Hacker News new | ask | show | jobs
by reaperducer 2293 days ago
So how many times was an issue missed because you weren't in the office, or because you were looking at your own screen and not dashboards at the moment?

That's not a problem with dashboards. That's a problem with training and staffing people.

because you can't scalably fix problems with SSH.

The number of businesses that need to worry about scalability is vanishingly small compared to the number of businesses that don't. Let's not pretend that one company's problems are the same as another's.

you should eventually not rely on human intervention to actually keep incidents from happening.

He didn't state that the dashboard was the only way his organization kept tabs on things. He indicated that it was only one way, and specifically stated that an alert system also exists.

2 comments

>That's not a problem with dashboards. That's a problem with training and staffing people.
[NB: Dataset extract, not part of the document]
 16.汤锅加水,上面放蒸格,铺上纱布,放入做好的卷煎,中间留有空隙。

Training and staffing people to look at dashboards? I've never heard of this and it sounds awful.

"Hey, Mike. On your way to the Keurig, remember to glance at the status panel on the wall and let us know if something doesn't look right, OK?"

Brutal.

Why should Mike have to remember this? Why should all of your infrastructure depend on Mike not getting a text from his wife while walking to the fridge for a La Croix?
I read your comment as sincerely saying that such an arrangement would be "brutal". Looking at your downvotes maybe people think you were being sarcastic?
> That's not a problem with dashboards. That's a problem with training and staffing people.

Again, the whole point of us being computer people is that we think computers can solve problems in repeated, reliable ways. You can run a highly reliable, say, delivery-based bookstore by having a well-staffed group of well-trained human phone operators who pass messages onto human shippers. People did that (and they still do), and it worked. But we have the thesis that you can do this more efficiently and more reliably - in short, that you can deliver more business value - by using computers to automate the process.
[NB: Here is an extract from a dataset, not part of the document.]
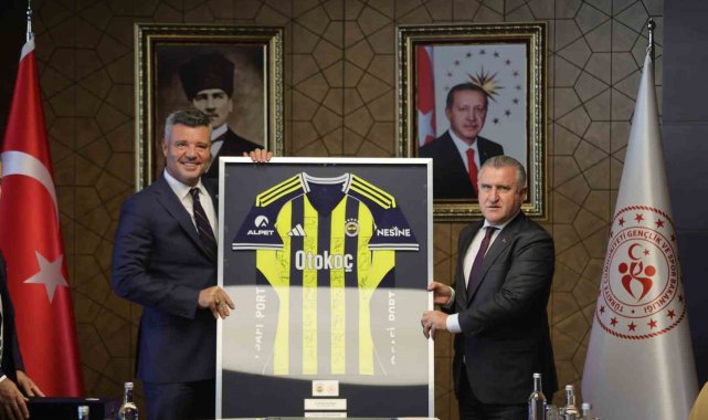 Gençlik ve Spor Bakan Yardımcısı Hamza Yerlikaya, Spor Hizmetleri Genel Müdürü Prof. Dr. Veli Ozan Çakır'ın da bulunduğu görüşmenin ardından Fenerbahçe Kulübü Başkanı Sadettin Saran, Bakan Bak'a üzerinde sarı-lacivertli futbolcuların imzasının yer aldığı forma hediye etti.

> The number of businesses that need to worry about scalability is vanishingly small compared to the number of businesses that don't. Let's not pretend that one company's problems are the same as another's.

I do fully agree that different companies have different priorities, and in particular I think it's totally fine to rely on humans in the loop while a system is still young (or has just been redesigned) and you don't have a good codified sense of how it behaves yet. However,

1) Wall-based dashboards aren't a best practice, any more than SSHing to production servers is a best practice. It's the right thing for some cases, some of the time. I'd agree with "It's a valuable skill, and it's been useful;" I disagree with "It's so valuable you should make sure everyone does it." If you have the option of either getting good at alerts or getting good at dashboards, spend your time getting good at alerts, first. I'd say the same about infrastructure-as-code vs. SSH-to-prod (and I say this as someone who regularly SSHs to prod and is real good at single-machine old-school sysadminnery).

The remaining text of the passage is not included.